One of my first tasks as a journalist was to interview financial book authors, hedge fund managers, and other luminaries. I was fortunate enough to meet and converse with dozens of authors, hedge fund managers, traders, investors and even a few financial rogues.

This experience was mind-blowing to say the least. Being able to ask successful investors and other market winners pointed questions regarding their experience and ideas was instrumental in shaping my entire investing belief system.

All of these one-on-one brain probes were combined with hands-on, in-the-trenches, active investing experience. I quickly discovered that 90% of all investment books are nothing more than rehashed old wives tales, page-filling anecdotes, repetitive information, and ideas that only work in hindsight.
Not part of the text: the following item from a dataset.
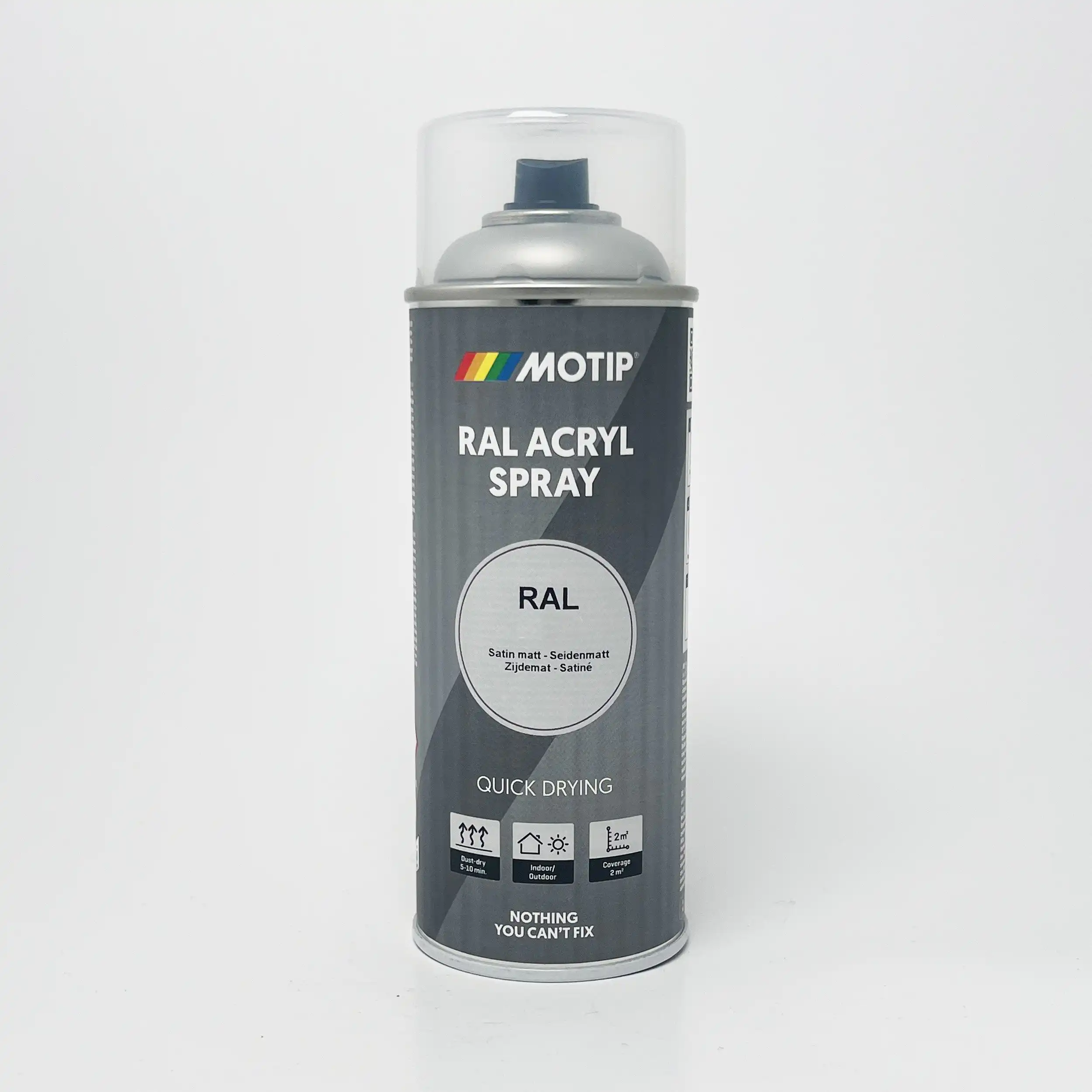 Motip RAL Farger Spray er en hurtigtørkende spraymaling med høy dekning og fyll egenskaper. Til behandling av nesten alle overlater, behandlet og ubehandlet. Til bruk på tre, metall, aluminium, glass, stein og ulike typer plast. Lakken har en varig glans og farge, er ripe fri, støtsikker og er rustforebyggende.

In other words, there is a tremendous amount of useless noise in the world of investment books and very little actionable, working information.However, a few books have been massively influential in my development as an investor. Other, more recent books have struck me as being far superior to anything else currently on the market.

This article distills down what I consider to be the top 3 investment books of all time and provides a brief recap of each.

1. Money: Master the Game by Tony Robbins
I purchased this book not expecting much beyond platitudes and other feel-good rhetoric from the king of motivational gurus, Tony Robbins. Boy was I surprised! Its 600-plus pages contain very insightful information on long-term investing and how the real winners play the investment game.

In true Tony Robbins fashion, he bases the book’s advice on interviews with billionaire investors and provides the actual interviews. The questions he asks of financial luminaries like Ray Dalio, Paul Tudor Jones, T. Boone Pickens, Carl Icahn, Sir John Templeton and others are very pointed and direct. Tony is a very talented interviewer, and I learned a tremendous amount from the mindset and ideas of these true financial visionaries.

To briefly recap, the book starts off by providing seven steps of actionable information to start building wealth, leads into dispelling major market myths, then goes into step-by-step instructions for how to set up your investment for maximum impact/controlled risk. Finally, the interview section wraps up with a few motivational chapters to end the book.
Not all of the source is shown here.